- Data to process:

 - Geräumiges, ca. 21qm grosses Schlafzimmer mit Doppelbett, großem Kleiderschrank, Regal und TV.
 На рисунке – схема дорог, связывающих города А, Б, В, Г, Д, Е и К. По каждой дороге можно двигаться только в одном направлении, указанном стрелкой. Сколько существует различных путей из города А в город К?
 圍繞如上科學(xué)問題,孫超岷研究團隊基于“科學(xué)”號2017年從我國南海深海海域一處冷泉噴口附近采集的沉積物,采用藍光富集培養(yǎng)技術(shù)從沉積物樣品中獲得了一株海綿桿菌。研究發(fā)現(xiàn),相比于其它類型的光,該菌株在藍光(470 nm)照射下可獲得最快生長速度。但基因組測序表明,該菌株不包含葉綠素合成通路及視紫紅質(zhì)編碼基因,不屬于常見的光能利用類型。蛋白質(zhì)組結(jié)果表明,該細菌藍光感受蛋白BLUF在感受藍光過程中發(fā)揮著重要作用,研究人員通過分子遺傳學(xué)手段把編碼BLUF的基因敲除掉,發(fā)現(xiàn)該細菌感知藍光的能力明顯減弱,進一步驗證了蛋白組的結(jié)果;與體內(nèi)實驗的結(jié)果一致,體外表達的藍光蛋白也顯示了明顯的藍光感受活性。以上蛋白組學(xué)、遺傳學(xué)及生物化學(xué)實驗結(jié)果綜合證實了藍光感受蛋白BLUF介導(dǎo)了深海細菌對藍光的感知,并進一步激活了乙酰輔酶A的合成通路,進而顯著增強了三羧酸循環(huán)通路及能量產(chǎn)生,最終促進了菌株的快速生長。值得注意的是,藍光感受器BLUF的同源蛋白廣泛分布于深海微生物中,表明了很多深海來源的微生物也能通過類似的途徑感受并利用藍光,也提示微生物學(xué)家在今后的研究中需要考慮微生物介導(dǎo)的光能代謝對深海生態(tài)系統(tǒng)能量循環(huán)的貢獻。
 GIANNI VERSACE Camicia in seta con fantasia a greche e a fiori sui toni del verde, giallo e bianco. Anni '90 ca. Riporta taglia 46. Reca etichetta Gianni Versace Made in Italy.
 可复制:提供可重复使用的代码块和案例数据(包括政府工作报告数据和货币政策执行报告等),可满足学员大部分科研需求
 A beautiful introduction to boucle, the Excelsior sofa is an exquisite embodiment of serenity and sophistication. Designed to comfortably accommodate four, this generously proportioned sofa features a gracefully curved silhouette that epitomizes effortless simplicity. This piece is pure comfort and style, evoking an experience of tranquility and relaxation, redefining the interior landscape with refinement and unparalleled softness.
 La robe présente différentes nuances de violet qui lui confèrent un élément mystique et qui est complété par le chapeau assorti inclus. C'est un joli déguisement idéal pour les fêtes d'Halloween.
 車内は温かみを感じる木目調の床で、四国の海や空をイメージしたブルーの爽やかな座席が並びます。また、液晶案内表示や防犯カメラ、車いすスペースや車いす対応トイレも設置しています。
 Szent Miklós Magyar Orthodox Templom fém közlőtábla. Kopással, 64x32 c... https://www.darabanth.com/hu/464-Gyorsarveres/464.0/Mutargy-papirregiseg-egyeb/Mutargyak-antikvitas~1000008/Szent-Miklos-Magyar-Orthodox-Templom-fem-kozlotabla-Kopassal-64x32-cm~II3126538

- Exercise aim: Please output every record, keeping each line exact.

- Your solution:
 - Geräumiges, ca. 21qm grosses Schlafzimmer mit Doppelbett, großem Kleiderschrank, Regal und TV.
 На рисунке – схема дорог, связывающих города А, Б, В, Г, Д, Е и К. По каждой дороге можно двигаться только в одном направлении, указанном стрелкой. Сколько существует различных путей из города А в город К?
 圍繞如上科學(xué)問題,孫超岷研究團隊基于“科學(xué)”號2017年從我國南海深海海域一處冷泉噴口附近采集的沉積物,采用藍光富集培養(yǎng)技術(shù)從沉積物樣品中獲得了一株海綿桿菌。研究發(fā)現(xiàn),相比于其它類型的光,該菌株在藍光(470 nm)照射下可獲得最快生長速度。但基因組測序表明,該菌株不包含葉綠素合成通路及視紫紅質(zhì)編碼基因,不屬于常見的光能利用類型。蛋白質(zhì)組結(jié)果表明,該細菌藍光感受蛋白BLUF在感受藍光過程中發(fā)揮著重要作用,研究人員通過分子遺傳學(xué)手段把編碼BLUF的基因敲除掉,發(fā)現(xiàn)該細菌感知藍光的能力明顯減弱,進一步驗證了蛋白組的結(jié)果;與體內(nèi)實驗的結(jié)果一致,體外表達的藍光蛋白也顯示了明顯的藍光感受活性。以上蛋白組學(xué)、遺傳學(xué)及生物化學(xué)實驗結(jié)果綜合證實了藍光感受蛋白BLUF介導(dǎo)了深海細菌對藍光的感知,并進一步激活了乙酰輔酶A的合成通路,進而顯著增強了三羧酸循環(huán)通路及能量產(chǎn)生,最終促進了菌株的快速生長。值得注意的是,藍光感受器BLUF的同源蛋白廣泛分布于深海微生物中,表明了很多深海來源的微生物也能通過類似的途徑感受并利用藍光,也提示微生物學(xué)家在今后的研究中需要考慮微生物介導(dǎo)的光能代謝對深海生態(tài)系統(tǒng)能量循環(huán)的貢獻。
 GIANNI VERSACE Camicia in seta con fantasia a greche e a fiori sui toni del verde, giallo e bianco. Anni '90 ca. Riporta taglia 46. Reca etichetta Gianni Versace Made in Italy.
 可复制:提供可重复使用的代码块和案例数据(包括政府工作报告数据和货币政策执行报告等),可满足学员大部分科研需求
 A beautiful introduction to boucle, the Excelsior sofa is an exquisite embodiment of serenity and sophistication. Designed to comfortably accommodate four, this generously proportioned sofa features a gracefully curved silhouette that epitomizes effortless simplicity. This piece is pure comfort and style, evoking an experience of tranquility and relaxation, redefining the interior landscape with refinement and unparalleled softness.
 La robe présente différentes nuances de violet qui lui confèrent un élément mystique et qui est complété par le chapeau assorti inclus. C'est un joli déguisement idéal pour les fêtes d'Halloween.
 車内は温かみを感じる木目調の床で、四国の海や空をイメージしたブルーの爽やかな座席が並びます。また、液晶案内表示や防犯カメラ、車いすスペースや車いす対応トイレも設置しています。
 Szent Miklós Magyar Orthodox Templom fém közlőtábla. Kopással, 64x32 c... https://www.darabanth.com/hu/464-Gyorsarveres/464.0/Mutargy-papirregiseg-egyeb/Mutargyak-antikvitas~1000008/Szent-Miklos-Magyar-Orthodox-Templom-fem-kozlotabla-Kopassal-64x32-cm~II3126538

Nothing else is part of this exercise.